RECORDS SHOWN:

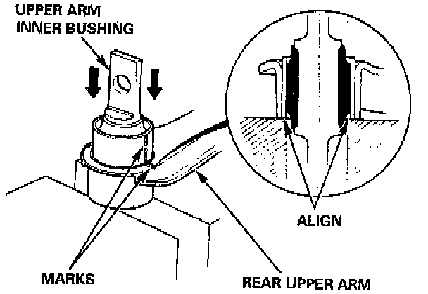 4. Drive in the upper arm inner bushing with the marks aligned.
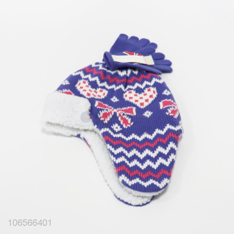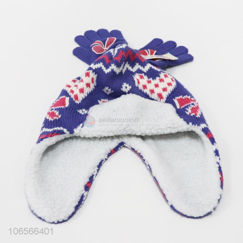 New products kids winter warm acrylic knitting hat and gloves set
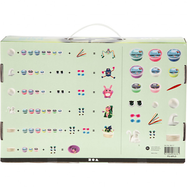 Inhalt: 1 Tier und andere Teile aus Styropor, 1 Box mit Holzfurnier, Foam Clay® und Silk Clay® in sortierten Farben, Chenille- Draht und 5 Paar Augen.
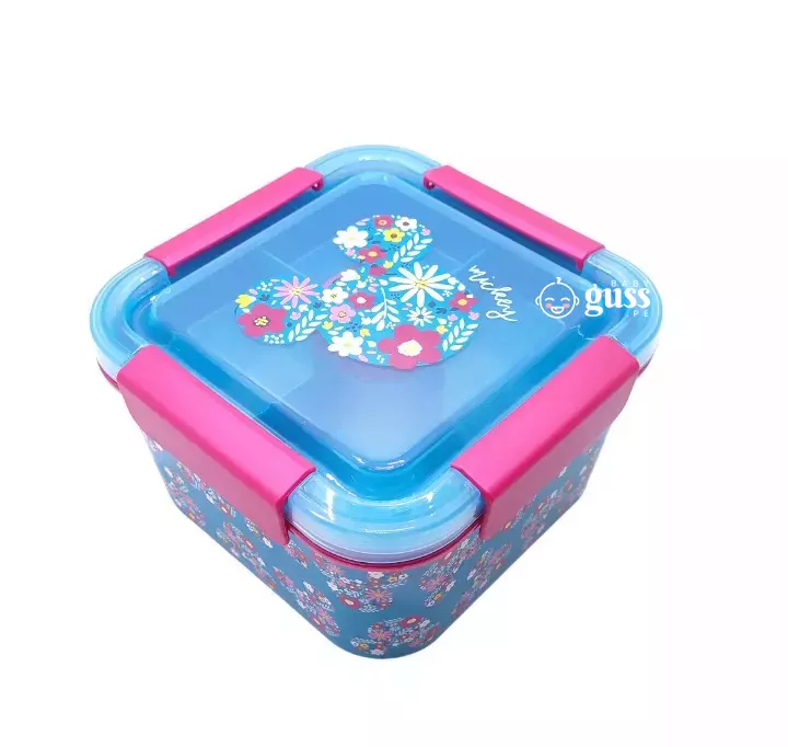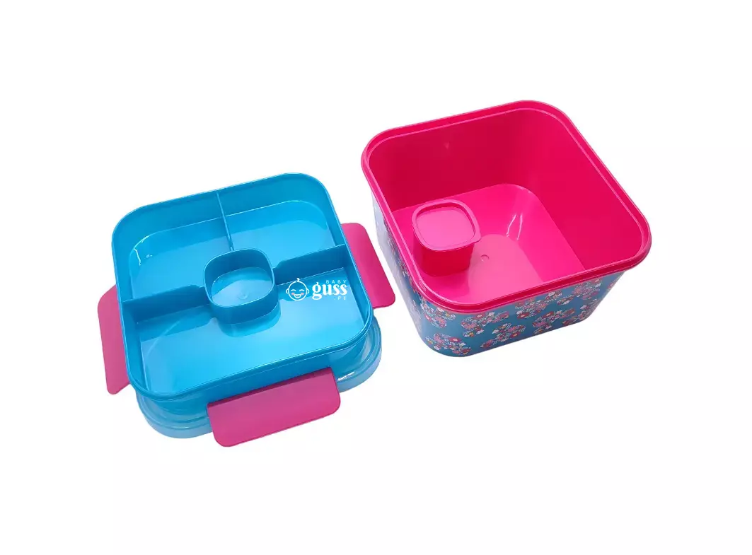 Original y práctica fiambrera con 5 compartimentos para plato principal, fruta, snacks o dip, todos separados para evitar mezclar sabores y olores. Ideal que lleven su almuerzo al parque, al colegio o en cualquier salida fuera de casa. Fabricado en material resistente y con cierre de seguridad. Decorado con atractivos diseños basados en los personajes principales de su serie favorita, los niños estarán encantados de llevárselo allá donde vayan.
* * *
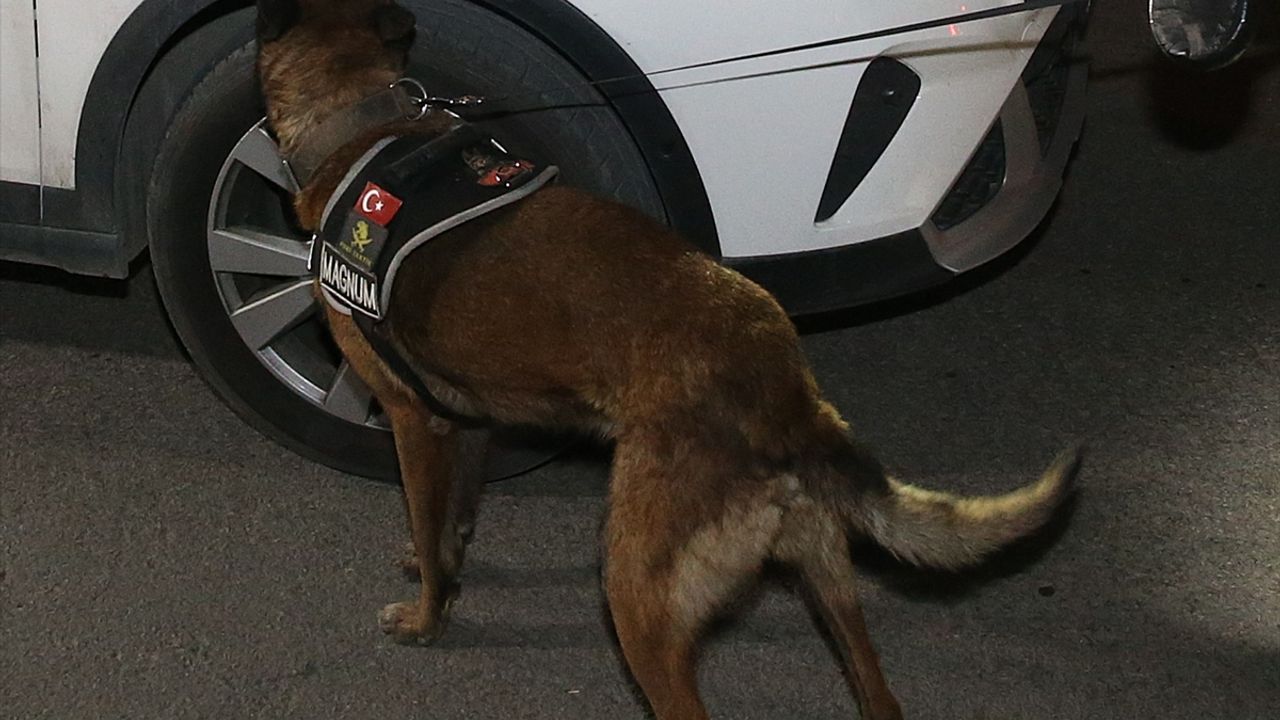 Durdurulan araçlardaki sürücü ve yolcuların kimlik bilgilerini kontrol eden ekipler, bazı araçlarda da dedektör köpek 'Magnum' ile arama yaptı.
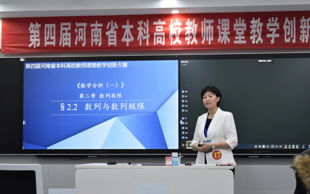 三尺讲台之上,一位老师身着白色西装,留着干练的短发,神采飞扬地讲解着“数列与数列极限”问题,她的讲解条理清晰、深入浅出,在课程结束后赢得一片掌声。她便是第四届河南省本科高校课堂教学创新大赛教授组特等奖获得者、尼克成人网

GOAL OF THE EXERCISE:
Transcribe, exactly and without pictures, everything in the data from the line with "Durdurulan araçlardaki sürücü" down to the line with "三尺讲台之上,一位老师身着白", both included.

PROBLEM SOLUTION:
 Durdurulan araçlardaki sürücü ve yolcuların kimlik bilgilerini kontrol eden ekipler, bazı araçlarda da dedektör köpek 'Magnum' ile arama yaptı.
 三尺讲台之上,一位老师身着白色西装,留着干练的短发,神采飞扬地讲解着“数列与数列极限”问题,她的讲解条理清晰、深入浅出,在课程结束后赢得一片掌声。她便是第四届河南省本科高校课堂教学创新大赛教授组特等奖获得者、尼克成人网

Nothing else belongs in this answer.